Segment Start: RECORDED INFORMATION
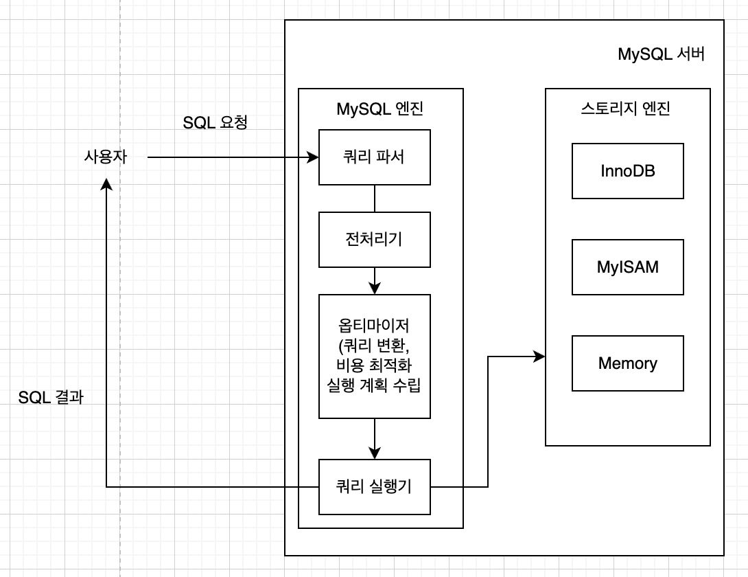 - MySQL엔진은 커넥션 핸들러, SQL 인터페이스, SQL 파서, SQL 옵티마이저, 캐시와 버퍼로 이루어진다.
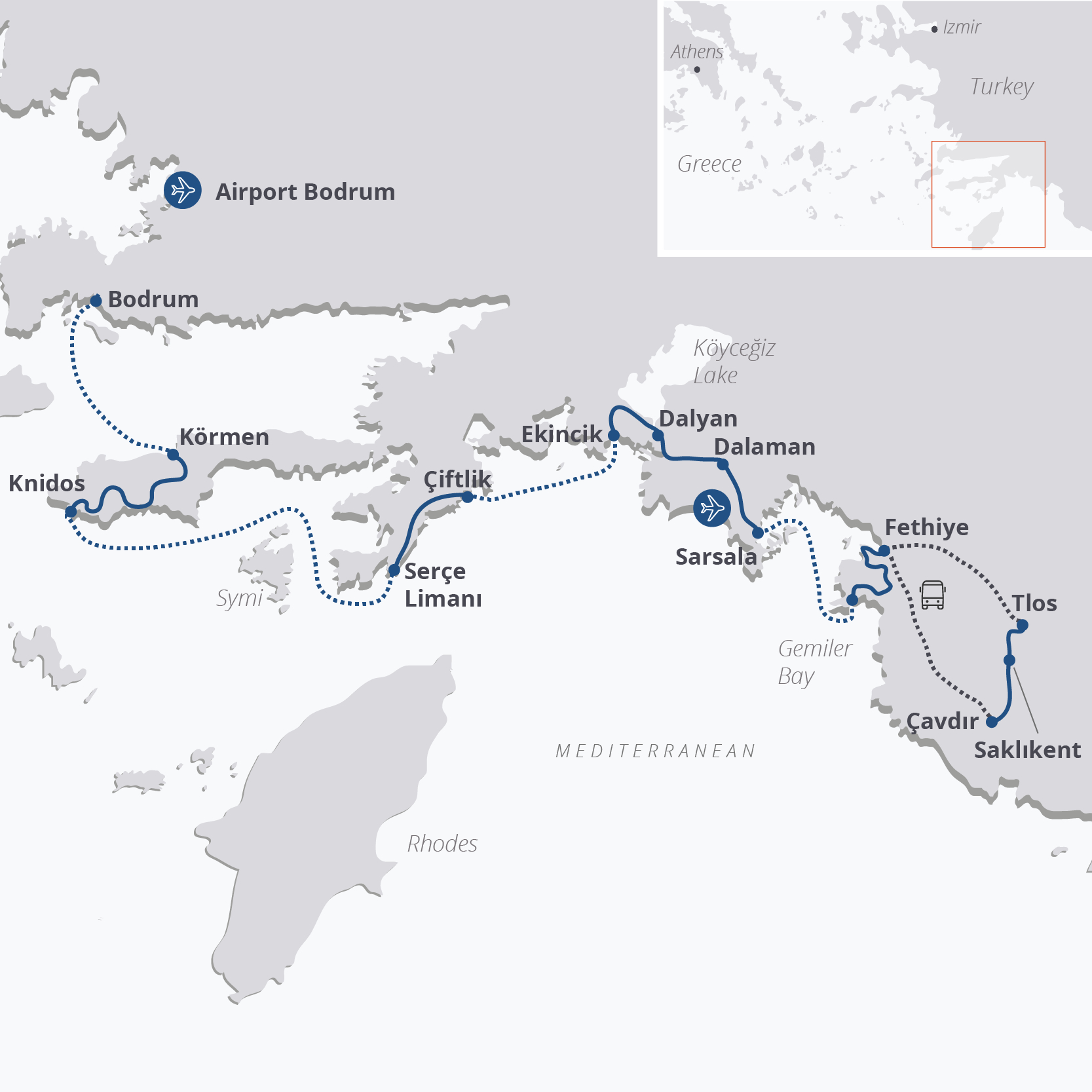 Explore the Lycian coast between YalΔ±Γ§iftlik and Fethiye by boat and bike! Spend a week on our charming floating hotel that is sure to fulfil even the highest expectations. Be taken back into the distant past as you explore the natural wonders and historical sites accompanied by a competent tour guide. We discover the ancient Rock Tombs of Dalyan, carved into the cliffs by coastal Lycians, and the breath-taking scenery of the Saklikent Canyon. We spend our nights in secluded bays and either being rocked to sleep by the gentle murmur of the waves, or heading out to enjoy the lively harbour towns and villages with their plentiful cafes and bars. This tour is part of our Islandhopping PLUS program. The PLUS tours offer our β¦
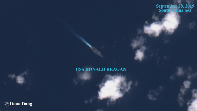 Tàu sân bay USS Ronald Reagan di chuyển một mình lúc bị 7 tàu Trung Quốc bao vây. Đây là điều không thườn xảy ra vì thông thường tàu USS Ronald Reagan luôn có các tàu chiến khác của Mỹ tháp tùng. Hình ảnh vệ tinh này nhanh chóng lan truyền qua các trang mạng xã hội khác, như Twitter.
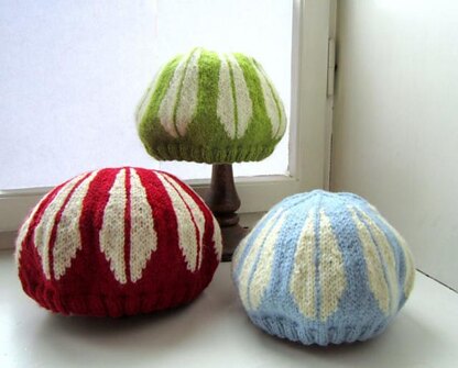 Inspired by the simplicity and beauty of the retro kitchen enamel ware from Kathrineholm, I knitted this hat! The shape of the hat and the clean lines of the lotus leaf make this a fun and beautiful hat to wear. Sizes are given for adult and children, in parentheses. Knit it in the traditional colours or experiment with your own favorite colour combinations!
Segment End: RECORDED INFORMATION
▶ [REQUIRED ACTION] Print, exactly as written, the lines from the one containing "Explore the Lycian" to the end of the material, both ends included, and nothing else; no pictures.

▶ [ANSWER FOR THE TASK]
 Explore the Lycian coast between YalΔ±Γ§iftlik and Fethiye by boat and bike! Spend a week on our charming floating hotel that is sure to fulfil even the highest expectations. Be taken back into the distant past as you explore the natural wonders and historical sites accompanied by a competent tour guide. We discover the ancient Rock Tombs of Dalyan, carved into the cliffs by coastal Lycians, and the breath-taking scenery of the Saklikent Canyon. We spend our nights in secluded bays and either being rocked to sleep by the gentle murmur of the waves, or heading out to enjoy the lively harbour towns and villages with their plentiful cafes and bars. This tour is part of our Islandhopping PLUS program. The PLUS tours offer our β¦
 Tàu sân bay USS Ronald Reagan di chuyển một mình lúc bị 7 tàu Trung Quốc bao vây. Đây là điều không thườn xảy ra vì thông thường tàu USS Ronald Reagan luôn có các tàu chiến khác của Mỹ tháp tùng. Hình ảnh vệ tinh này nhanh chóng lan truyền qua các trang mạng xã hội khác, như Twitter.
 Inspired by the simplicity and beauty of the retro kitchen enamel ware from Kathrineholm, I knitted this hat! The shape of the hat and the clean lines of the lotus leaf make this a fun and beautiful hat to wear. Sizes are given for adult and children, in parentheses. Knit it in the traditional colours or experiment with your own favorite colour combinations!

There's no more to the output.